_REQUIRED WORK_
Restate the listing word for word. Stop at the line that holds "Discover the elegance", include it, and leave out all pictures.

_DATA IN THIS EXERCISE_
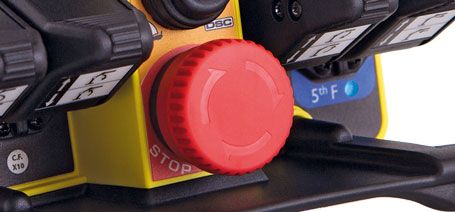 Der pilzförmigen Not-Halt-Schalter gewährleistet einen maximalen Grad an Sicherheit, gemäß den europäischen und internationalen Normen. Obwohl der Not-Halt Schalter optimal gegen versehentliche Stöße geschützt ist, ist er für den Bediener leicht erreichbar und nimmt eine Vorrangstellung ein.
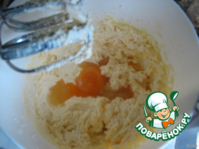 Масло взбиваем с сахаром и постепенно по одному вводим яйца до густой пены.
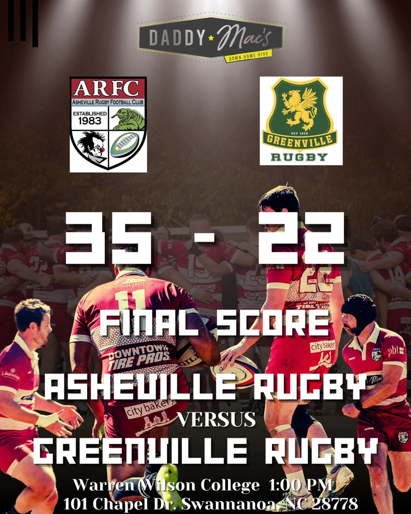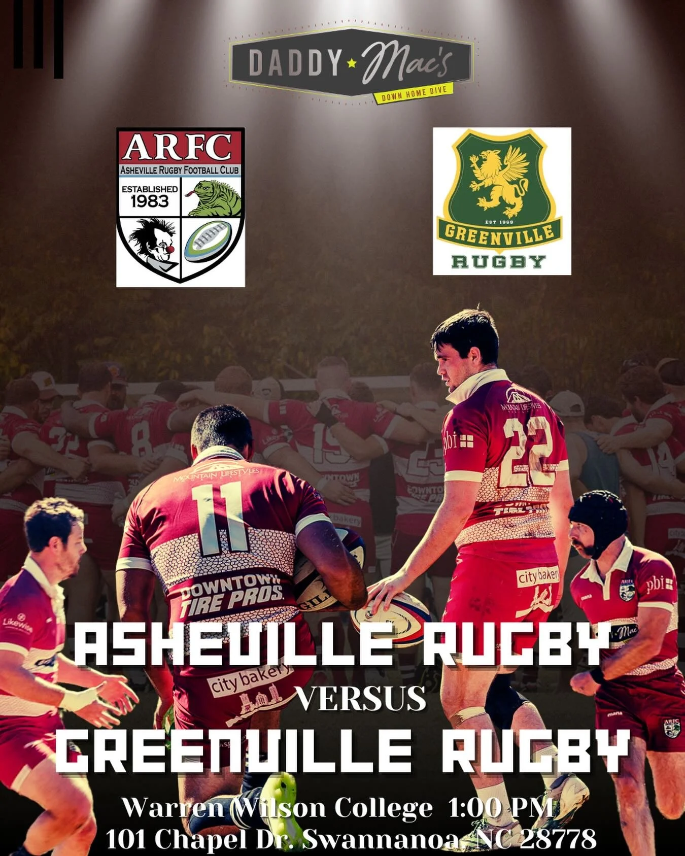 Massive shout-out to Daddy Mac’s for backing Asheville Rugby and welcoming our players, fans, and opponents with open arms (and full glasses). They support the club, we support the bar, and the tradition continues—so grab a pint, talk some nonsense, and join the ARFC chaos.
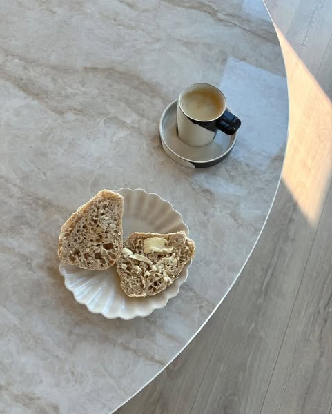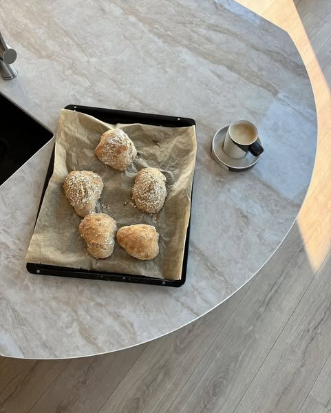Discover the elegance and functionality of Dekton Arga in this contemporary kitchen. The central island features a light-colored countertop with subtle veining, enhancing the sophisticated and clean design. The integrated black sink and modern faucet add a touch of style and practicality. With Dekton Arga, every detail counts: from the tray with freshly baked buns and a cup of coffee to the vase with fresh flowers that add a cozy touch. Natural light flows through the large windows, creating a bright and welcoming atmosphere that makes every moment in the kitchen an unforgettable experience.
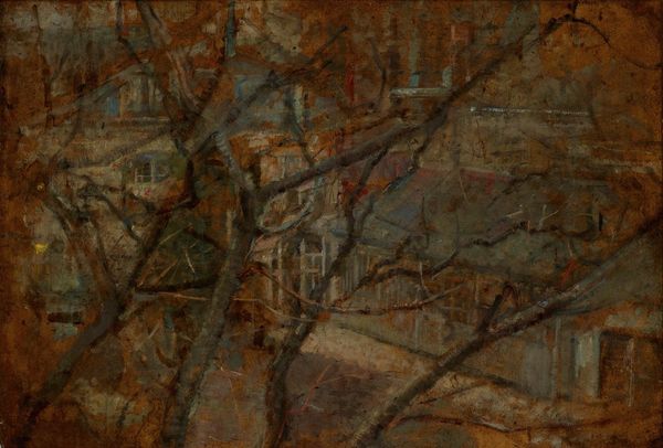 Frank Auerbach's "Behind Camden Town Station, summer evening" is a landscape rendered not through conventional representation, but through a dense layering of oil paint. The impasto surface creates a tactile quality, almost as if the scene has been sculpted rather than painted. Auerbach’s method involves building up thick textures over time, scraping away and reapplying paint. This process reflects a struggle to capture not just the appearance of a scene, but its very essence. The buildings and structures, rendered in reddish hues and deep blues, appear to emerge from and recede into a field of ochre, challenging our perception of space. Auerbach engages with a dialogue between abstraction and figuration. The subject is discernible, yet the forms are broken down and reformed through the materiality of the paint itself. This approach invites us to consider how the physical properties of art can challenge fixed meanings and allow for a more profound engagement with the world around us. Each viewing offers a renewed interpretation.

_EXERCISE RESULT_
 Der pilzförmigen Not-Halt-Schalter gewährleistet einen maximalen Grad an Sicherheit, gemäß den europäischen und internationalen Normen. Obwohl der Not-Halt Schalter optimal gegen versehentliche Stöße geschützt ist, ist er für den Bediener leicht erreichbar und nimmt eine Vorrangstellung ein.
 Масло взбиваем с сахаром и постепенно по одному вводим яйца до густой пены.
 Massive shout-out to Daddy Mac’s for backing Asheville Rugby and welcoming our players, fans, and opponents with open arms (and full glasses). They support the club, we support the bar, and the tradition continues—so grab a pint, talk some nonsense, and join the ARFC chaos.
Discover the elegance and functionality of Dekton Arga in this contemporary kitchen. The central island features a light-colored countertop with subtle veining, enhancing the sophisticated and clean design. The integrated black sink and modern faucet add a touch of style and practicality. With Dekton Arga, every detail counts: from the tray with freshly baked buns and a cup of coffee to the vase with fresh flowers that add a cozy touch. Natural light flows through the large windows, creating a bright and welcoming atmosphere that makes every moment in the kitchen an unforgettable experience.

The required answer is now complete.